Here is my steady state analysis for the fractional gain method.
ftp://ftp.deltacompsys.com/public/NG/Mathcad%20-%20Temp%26Level.pdf

The good stuff is on pages 5/10 and 6/10. At the bottom of page 6 is the two equations for calculating the control output to the hot and cold pumps. It is really very simple. Pages 7-10/10 are equations that didn't wrap to stay in the margins. I duplicated the equations in-line so you need need to bother with pages 7-10.
I also cheated. I used Mathcad's computational abilities to solve for the steady state PVt and PVl. I didn't show the symbolic solution because it stretched across many pagess because no attempt is made to simplify or linearize the process.

I will work on a dynamic response but first I wanted to verify I finally got my model right.

I should also study Rytko's .pdf. I have alway relied on the computational power I have at hand. Without it I would need to resort to the linearization methods.

My conclusion is that a temperature gain of 1 or 0.5 and a flow/level gain of 10 to 20 will work nicely.

I'm not satisfied with the response at all, but at least it's stable

It doesn't look right. You should get nioce smooth first order responses to changes in demand.

 

[Pandiani]

Peter, I'll have a look. We're taking different approaches. First off all do you agree with the way I linearized the system around working points 40°C and 1m (what about matrix A)? I think model is right because of compared responses.

Now, do you agree with the structure of regulator that is shown in last picture (two intgrators and two gains for each input)? I have used Matlab's built in function in order to avoid possible wrong calculations of gains.
I'm not sure why I have that oscillations in the begining. Did you notice that I tried to simulate control valve as real number in interval (0-1)? Is this correct? Output from the controller is limited between 0 and 1 and it practically represent Coh (Coc) which is multiplied with constant pump flow (0.0042).

I'll try to play a little to determine what causes oscillations.
I'll need to fix my own model before I fully focus on yours.

 

[Peter Nachtwey]

Peter, I'll have a look. We're taking different approaches. First off all do you agree with the way I linearized the system around working points 40°C and 1m (what about matrix A)? I think model is right because of compared responses.

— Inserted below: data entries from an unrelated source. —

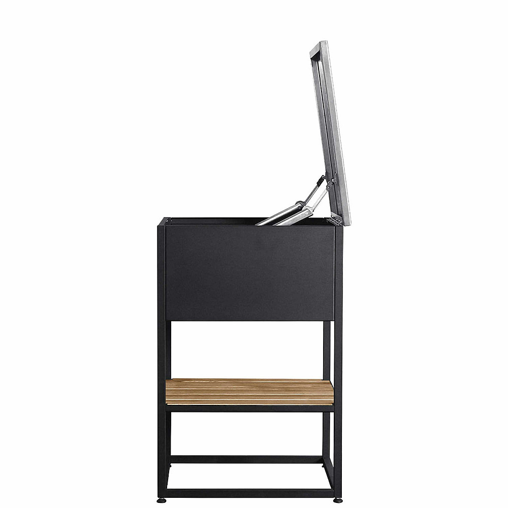 Smart dold förvaring och dekorativ hylla. Under den öppningsbara toppskivan finns dold förvaring med rejäla gångjärn som ger ett praktiskt utrymme för tillbehör. Under modulen sitter en massivt ribbad trähylla i ek som passar perfekt för handdukar, grillredskap, färska örter eller dekorativa detaljer.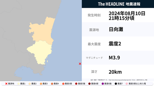 8月10日21時16分頃、宮崎県で最大震度2の地震を観測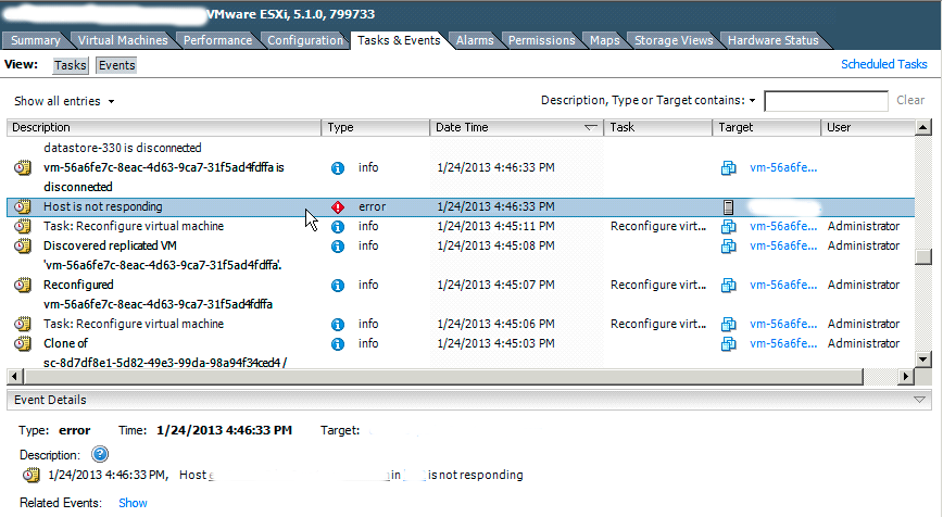 2013-01-24T16:46:33.841Z [06788 warning ‘vpxdvpxdMoHost’ opID=HB-host-378@199963-81839a33] [HostMo] host connection state changed to [NO_RESPONSE] for host-378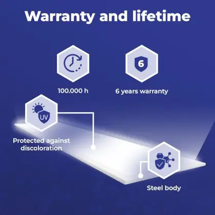 Questo pannello LED ha un ciclo di vita di 100000 ore, che vuol dire che funzionerà in modo ottimale per diversi anni. Questo ti permetterà di risparmiare sui costi di manutenzione e sostituzione! Inoltre, questo pannello LED è protetto da una garanzia di 6 anni. Infine, l'illuminazione LED permette di ridurre le emissioni di CO2 e, non contenendo sostanze tossiche, i LED possono essere riciclati.

I will be able to look at it now that I have my simulation done. I updated my .pdf
ftp://ftp.deltacompsys.com/public/NG/Mathcad%20-%20Temp%26Level.pdf
It works the way I would expect it to work. I did not try to optimize the gains. I don't think it is necessary to put to much effort in the gains as they can be adjusted. within limits, until the desired error is achieved. My simulation changes the demand as a function of time. I made the demand go higher than the available flow for a few minutes to see how the system would respond. You can see the level drops. The temperature increases because when both pumps are fully on the average supplied temperature is (20+65)/2=42.5 degrees. Also, if the demand goes 0 the mixing tank temperature decreases because of heat loss. There needs to be a minimun flow to maintain 40 degrees C. I still have a few minor tweaks to make but I am done with doing it my way.

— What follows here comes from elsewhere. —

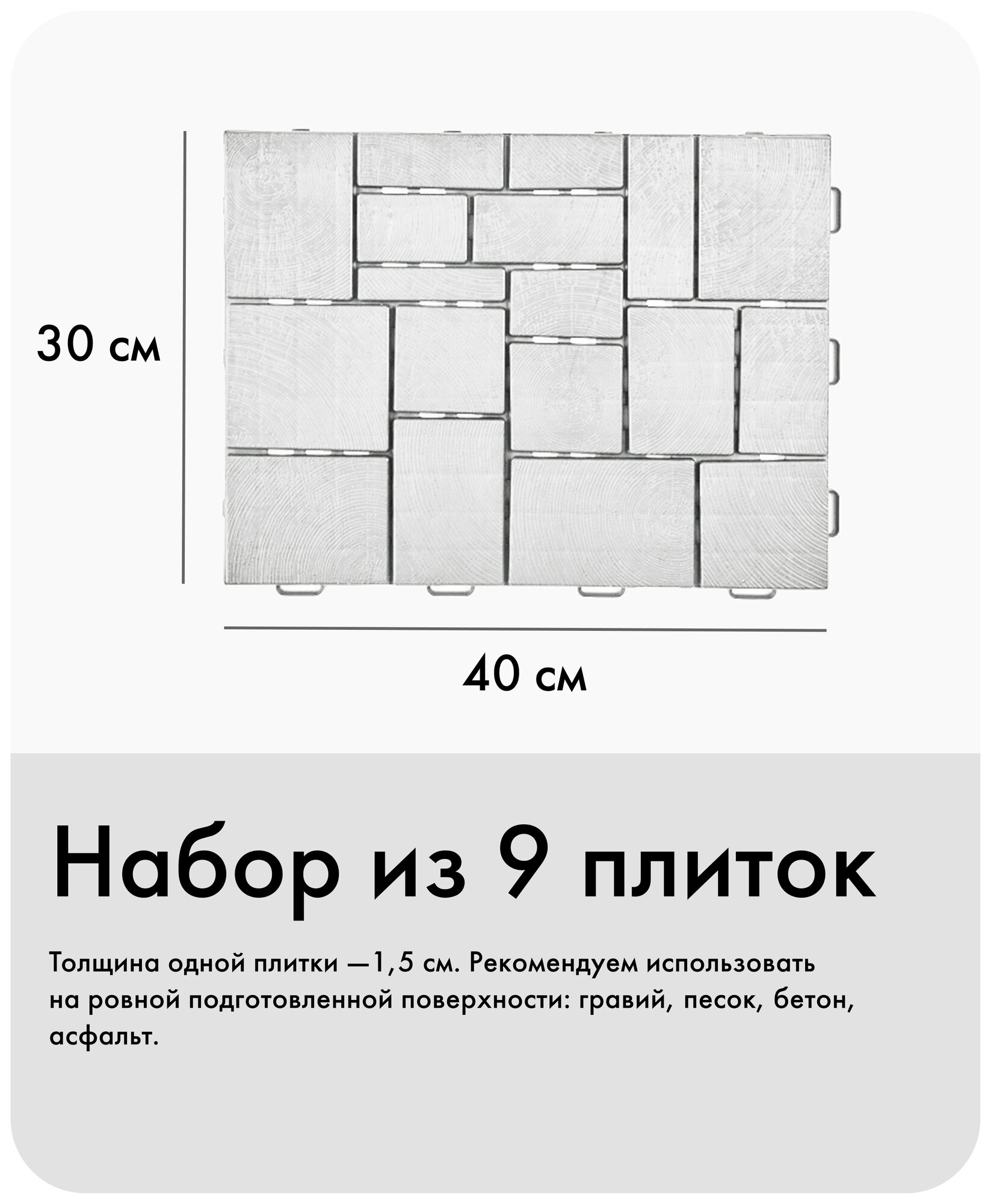 Из модульного покрытия «Брус» выкладывают дорожки в саду и огороде, застилают пол на летней террасе и украшают придомовую территорию. Размеры одной плитки: 40×30×1,5 см.

I'll need to fix my own model before I fully focus on yours.

That is what I have been thinking too which is why I haven't been much help. Now that I have mine done I will try controlling the hot and cold pumps independently like you.

First I will look at the steady state values for your model. They should be similar to mine.

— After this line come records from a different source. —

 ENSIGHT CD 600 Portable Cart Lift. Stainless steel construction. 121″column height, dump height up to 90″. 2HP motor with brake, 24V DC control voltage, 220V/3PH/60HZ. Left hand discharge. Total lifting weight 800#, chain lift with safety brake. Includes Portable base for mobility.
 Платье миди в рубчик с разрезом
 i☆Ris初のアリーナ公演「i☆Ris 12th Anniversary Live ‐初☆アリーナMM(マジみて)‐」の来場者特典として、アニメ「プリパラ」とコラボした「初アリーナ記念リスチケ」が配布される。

I do have a problem with the block diagrams. I can't see what is in the blocks.

 

[Pandiani]

OK Peter,
In order to make model easier to follow I place mixing tank model inside subsystem.
Here, in attachment you can find model which is related to the following .pdf file http://www.plctalk.net/qanda/attachment.php?attachmentid=8141

I think I have made model correctly. Only calculation of gains and modelling control valves can be problem.
Model is based on the equation presented in .pdf (link above).